A.2.2 Full CTI and CCI Results

Figure A.4 and Figure A.5 present the CTI plausibility of all tested models for the Macro F1 and AUPRC metrics, similarly to Figure 4.3 in the main analysis.

Figure A.4: Macro F1 of contrastive metrics for context-sensitive target token identification (CTI) on the full datasets (left) or on ok-cs context-sensitive subsets (right). **Top to bottom:** ⓵ OpusMT Small S\(_\text{ctx}\) ⓶ OpusMT Large S\(_\text{ctx}\) ⓷ mBART-50 S\(_\text{ctx}\) ⓸ OpusMT Small S+T\(_\text{ctx}\) ⓹ OpusMT Large S+T\(_\text{ctx}\) ⓺ mBART-50 S+T\(_\text{ctx}\).

Figure A.5: Area Under Precision-Recall Curve (AUPRC) of contrastive metrics for context-sensitive target token identification (CTI) on the full datasets (left) or on ok-cs context-sensitive subsets (right). **Top to bottom:** ⓵ OpusMT Small S\(_\text{ctx}\) ⓶ OpusMT Large S\(_\text{ctx}\) ⓷ mBART-50 S\(_\text{ctx}\) ⓸ OpusMT Small S+T\(_\text{ctx}\) ⓹ OpusMT Large S+T\(_\text{ctx}\) ⓺ mBART-50 S+T\(_\text{ctx}\).

Figure A.6 Figure A.7 present the CCI plausibility of all tested models for the Macro F1 and AUPRC metrics, similarly to Figure 4.4 in the main analysis.

Figure A.6: Macro F1 of CCI methods over full datasets using models trained with only source context (left) or with source+target context (right).
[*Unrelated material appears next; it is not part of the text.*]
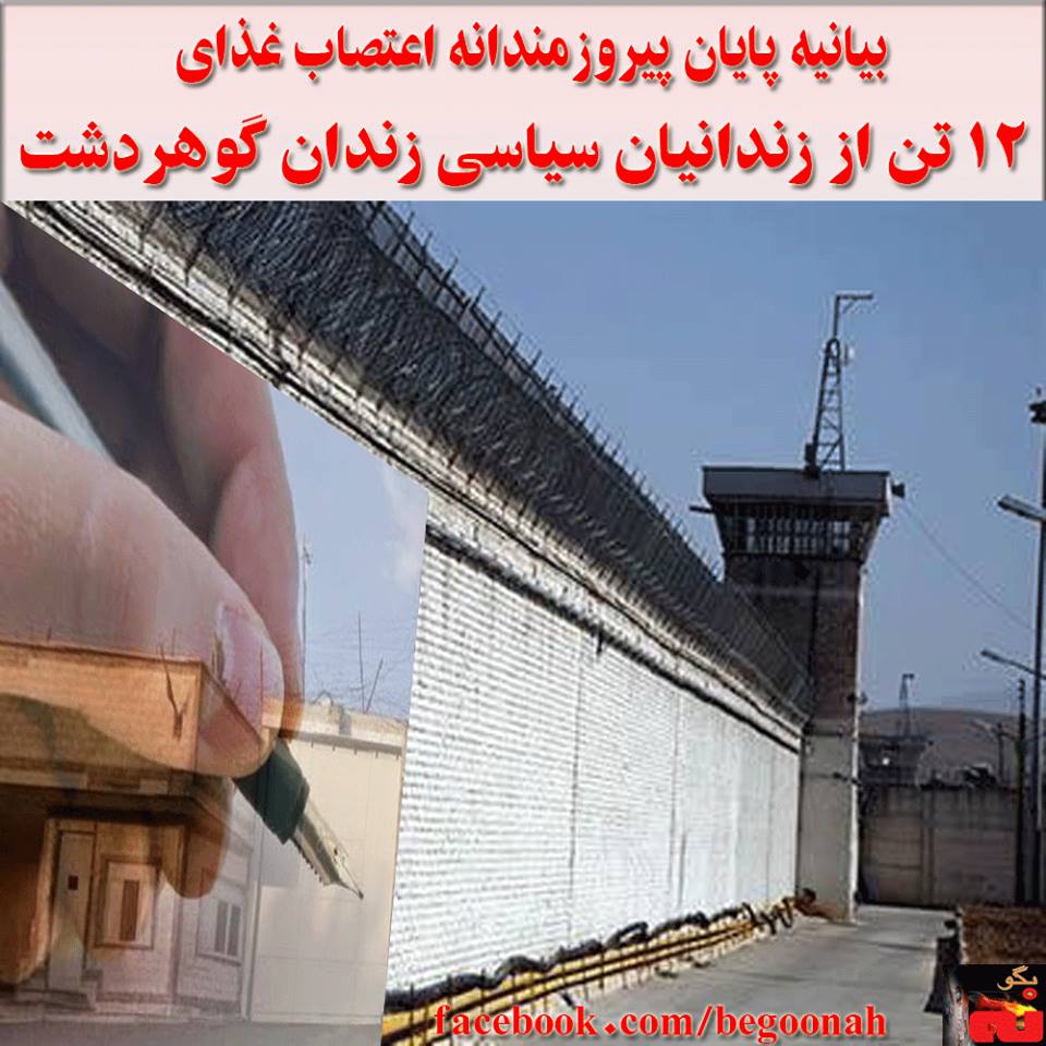 بیانیه پایان پیروزمندانه اعتصاب غذای ۱۲ زندانی سیاسی زندان گوهردشت که با ایستادگی و مقاومت آنها وخانواد ه های بزرگوار زندانیان سیاسی، رژیم ولی فقیه را وادار به عقب نشینی نمود.زندانیان بار دیگر بر تشکیل یک کمیته مستقل بین المللی به سرپرستی دکتر احمد شهید به منظور شناسایی آمرین و عاملین این جنایت و مجازلات قانونی آنها تاکید کردند. این بیانیه جهت اطلاع عموم و انتشار در رسانه ها در «اختیار فعالین حقوق بشر و دمکراسی در ایران » قرار داده شده است. متن بیانیه به قرار زیر می باشد:

Boxes and red median lines show CCI results based on gold context-sensitive tokens. Dotted bars show median CCI scores obtained from context-sensitive tokens identified by KL-Divergence during CTI (E2E settings). **Top to bottom:** ⓵ OpusMT Small S\(_\text{ctx}\) and S+T\(_\text{ctx}\) ⓶ OpusMT Large S\(_\text{ctx}\) and S+T\(_\text{ctx}\) ⓷ mBART-50 S\(_\text{ctx}\) and S+T\(_\text{ctx}\).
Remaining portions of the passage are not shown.